WHAT IS NEEDED -
Please reproduce the listing in its entirety, exactly as written, but without images.

INPUT DATA -
BEGIN
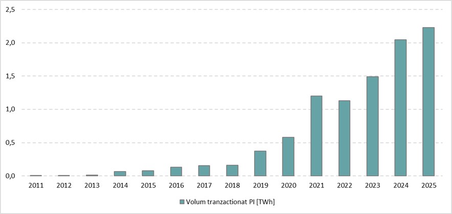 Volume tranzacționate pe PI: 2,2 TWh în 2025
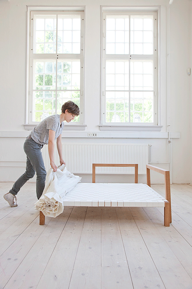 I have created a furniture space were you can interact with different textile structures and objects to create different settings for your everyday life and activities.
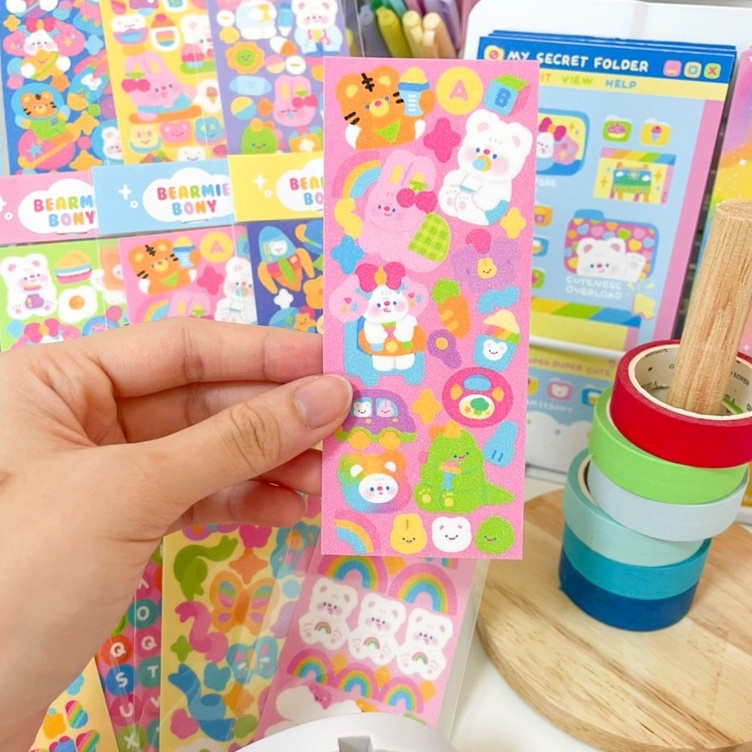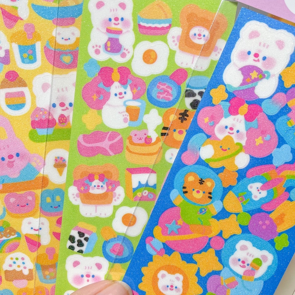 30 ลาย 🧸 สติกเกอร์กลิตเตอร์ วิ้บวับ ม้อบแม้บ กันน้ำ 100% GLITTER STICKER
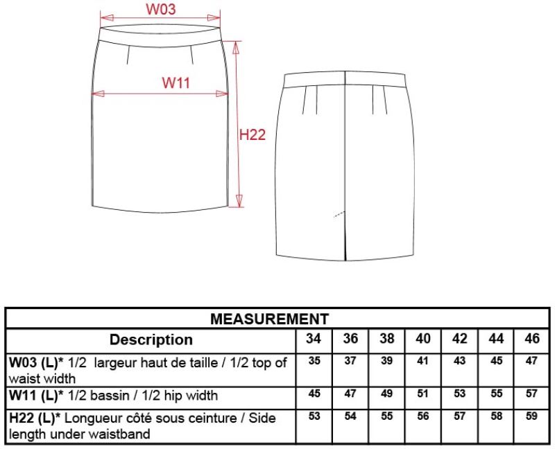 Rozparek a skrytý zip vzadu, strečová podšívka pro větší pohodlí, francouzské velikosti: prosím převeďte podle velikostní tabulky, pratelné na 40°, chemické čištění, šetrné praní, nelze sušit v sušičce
END
WRITTEN ANSWER -
 Volume tranzacționate pe PI: 2,2 TWh în 2025
 I have created a furniture space were you can interact with different textile structures and objects to create different settings for your everyday life and activities.
 30 ลาย 🧸 สติกเกอร์กลิตเตอร์ วิ้บวับ ม้อบแม้บ กันน้ำ 100% GLITTER STICKER
 Rozparek a skrytý zip vzadu, strečová podšívka pro větší pohodlí, francouzské velikosti: prosím převeďte podle velikostní tabulky, pratelné na 40°, chemické čištění, šetrné praní, nelze sušit v sušičce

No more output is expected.